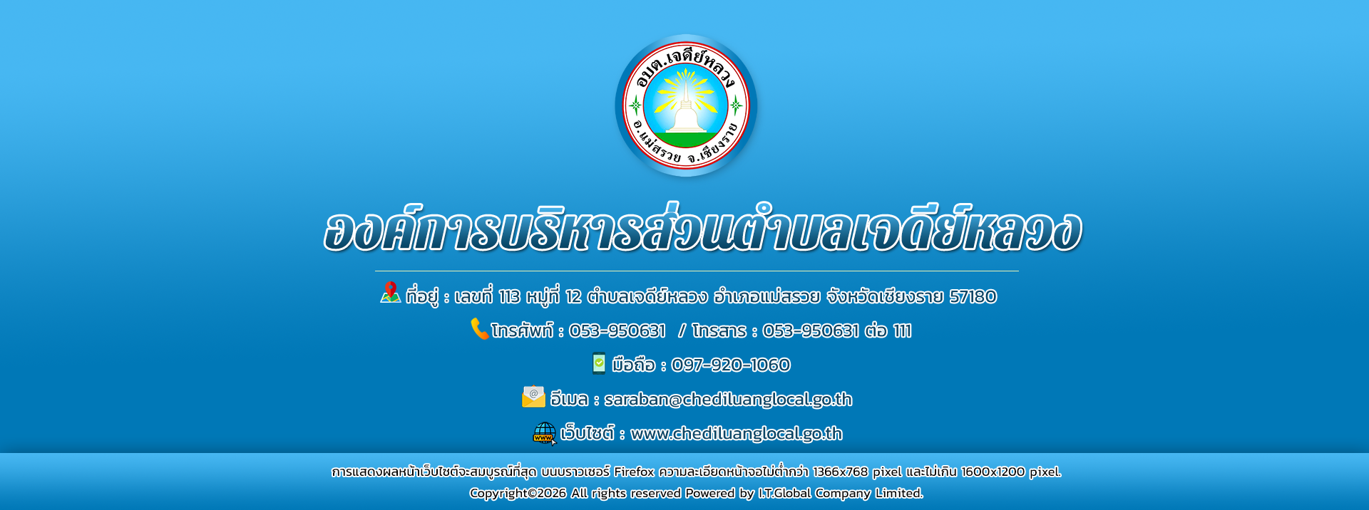 ยินดีต้อนรับเข้าสู่ องค์การบริหารส่วนตำบลเจดีย์หลวง ติดต่อสอบถาม : โทรศัพท์ : 053-950631 โทรศัพท์มือถือ : 097-920-1060 อีเมล์ : saraban@chediluanglocal.go.th โทรสาร (แฟกซ์) : 053-950631 ต่อ 111
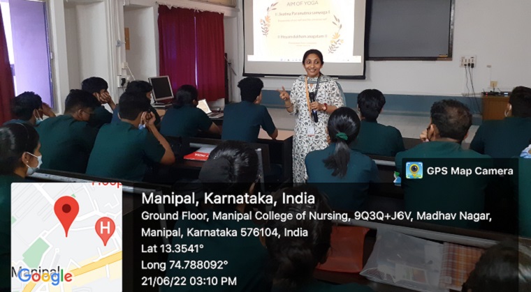 The Department of Medical Surgical Nursing, Manipal College of Nursing, MAHE, Manipal conducted a Guest Lecture on 21st June, 2022 as part of International Day of Yoga 2022 for the II Semester BSc Nursing students. The topic for the Guest Lecture was “Yoga for Humanity” which is the theme of this year’s Yoga Day. Dr Lavya Shetty, Lecturer, Division of Yoga, Centre for Integrative Medicine and Research (CIMR), MAHE, Manipal was the Resource Person. A total of 102 participants including students and faculty attended the session. Dr Lavya Shetty spoke on meaning of yoga, its origin, aims, concepts of ahara according to yoga and types of yoga. She also emphasized on the benefits of practice of yoga, practice of pranayama, practice of mudra, practice of asanas and benefits of dhyana along with a demonstration of pranayama.
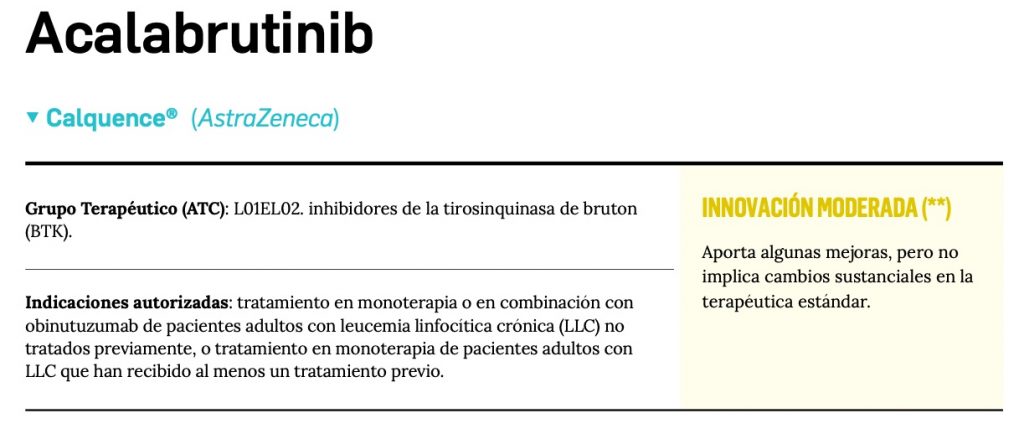 Acalabrutinib es un nuevo inhibidor potente y altamente selectivo de la tirosina cinasa de Bruton (BTK), una enzima que participa en la señalización bioquímica del receptor de antígenos y del receptor de citocinas de las células B, favoreciendo la supervivencia y proliferación de linfocitos B tumorales. Así, la inhibición covalente e irreversible que inducen acalabrutinib y su metabolito ACP-5862 sobre el centro activo de la enzima se traduce en una inhibición de la adhesión y migración dependiente de integrinas de linfocitos B, conducente a la reducción tumoral. El medicamento ha sido autorizado para el tratamiento por vía oral (100 mg/2 veces al día) en monoterapia o en combinación con obinutuzumab de pacientes adultos con leucemia linfocítica crónica (LLC) no tratados previamente, y para su uso en monoterapia en pacientes adultos con LLC que han recibido ≥ 1 tratamiento previo.
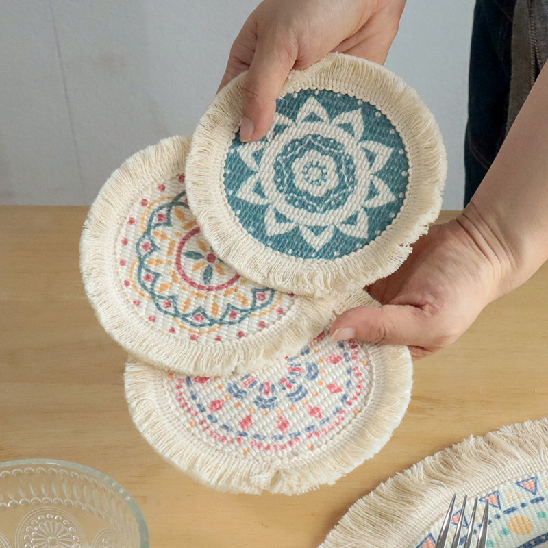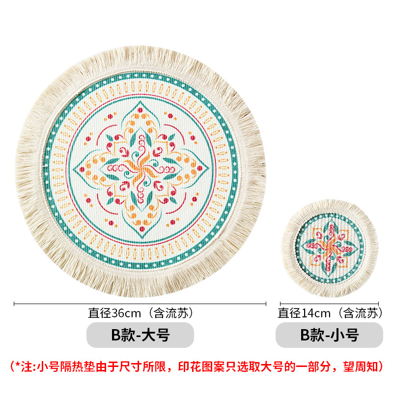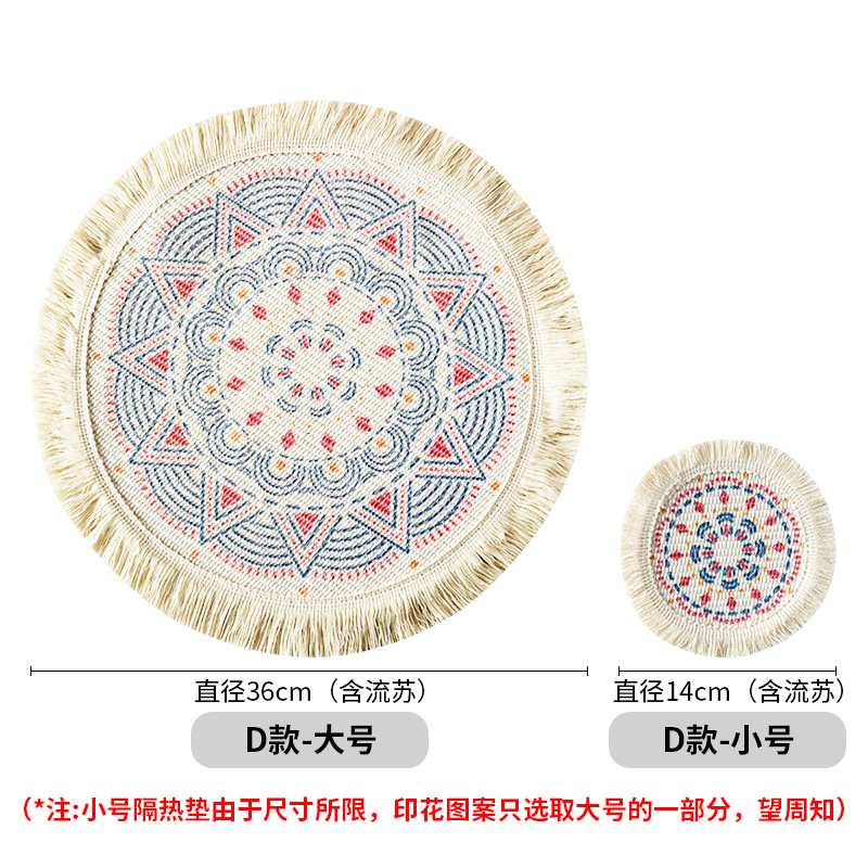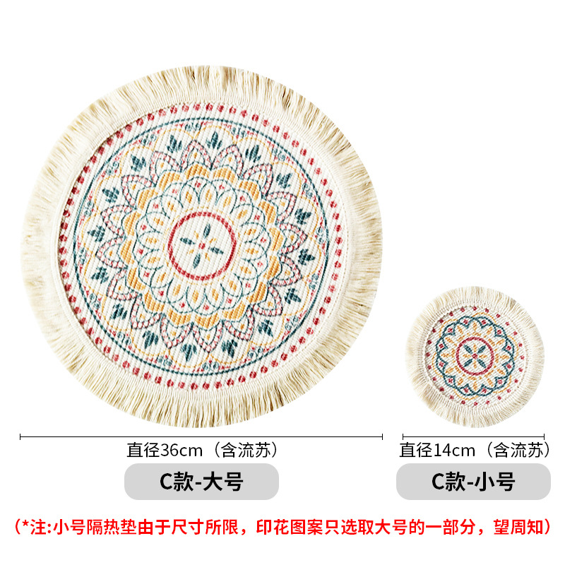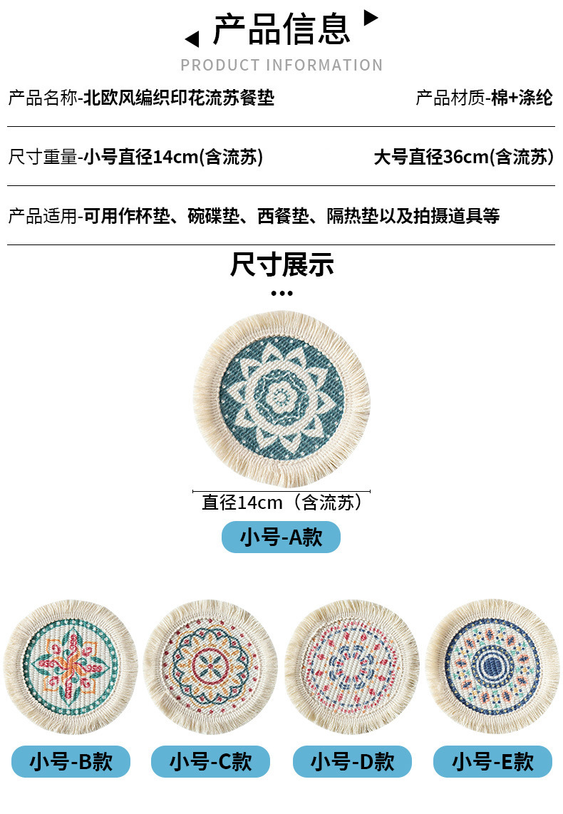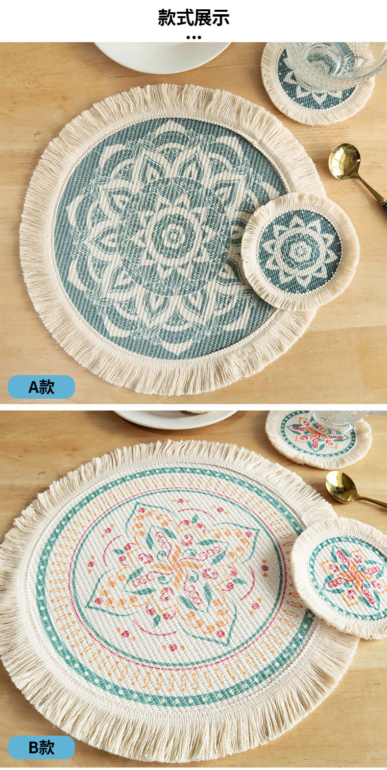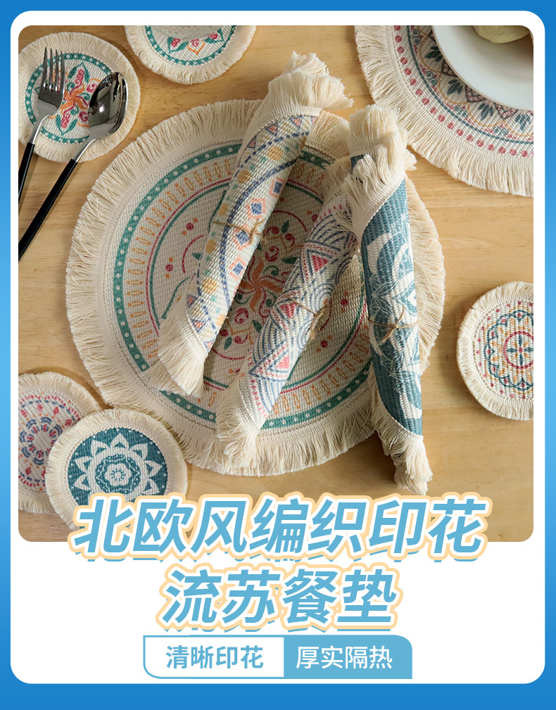 印花餐垫波西米亚风印花流苏餐垫曼陀罗隔热垫家居厨房用装饰垫
☆ ☆ ☆
Task description :: Write the listing out exactly, word for word, but omit the pictures.

Task response ::
 ยินดีต้อนรับเข้าสู่ องค์การบริหารส่วนตำบลเจดีย์หลวง ติดต่อสอบถาม : โทรศัพท์ : 053-950631 โทรศัพท์มือถือ : 097-920-1060 อีเมล์ : saraban@chediluanglocal.go.th โทรสาร (แฟกซ์) : 053-950631 ต่อ 111
 The Department of Medical Surgical Nursing, Manipal College of Nursing, MAHE, Manipal conducted a Guest Lecture on 21st June, 2022 as part of International Day of Yoga 2022 for the II Semester BSc Nursing students. The topic for the Guest Lecture was “Yoga for Humanity” which is the theme of this year’s Yoga Day. Dr Lavya Shetty, Lecturer, Division of Yoga, Centre for Integrative Medicine and Research (CIMR), MAHE, Manipal was the Resource Person. A total of 102 participants including students and faculty attended the session. Dr Lavya Shetty spoke on meaning of yoga, its origin, aims, concepts of ahara according to yoga and types of yoga. She also emphasized on the benefits of practice of yoga, practice of pranayama, practice of mudra, practice of asanas and benefits of dhyana along with a demonstration of pranayama.
 Acalabrutinib es un nuevo inhibidor potente y altamente selectivo de la tirosina cinasa de Bruton (BTK), una enzima que participa en la señalización bioquímica del receptor de antígenos y del receptor de citocinas de las células B, favoreciendo la supervivencia y proliferación de linfocitos B tumorales. Así, la inhibición covalente e irreversible que inducen acalabrutinib y su metabolito ACP-5862 sobre el centro activo de la enzima se traduce en una inhibición de la adhesión y migración dependiente de integrinas de linfocitos B, conducente a la reducción tumoral. El medicamento ha sido autorizado para el tratamiento por vía oral (100 mg/2 veces al día) en monoterapia o en combinación con obinutuzumab de pacientes adultos con leucemia linfocítica crónica (LLC) no tratados previamente, y para su uso en monoterapia en pacientes adultos con LLC que han recibido ≥ 1 tratamiento previo.
 印花餐垫波西米亚风印花流苏餐垫曼陀罗隔热垫家居厨房用装饰垫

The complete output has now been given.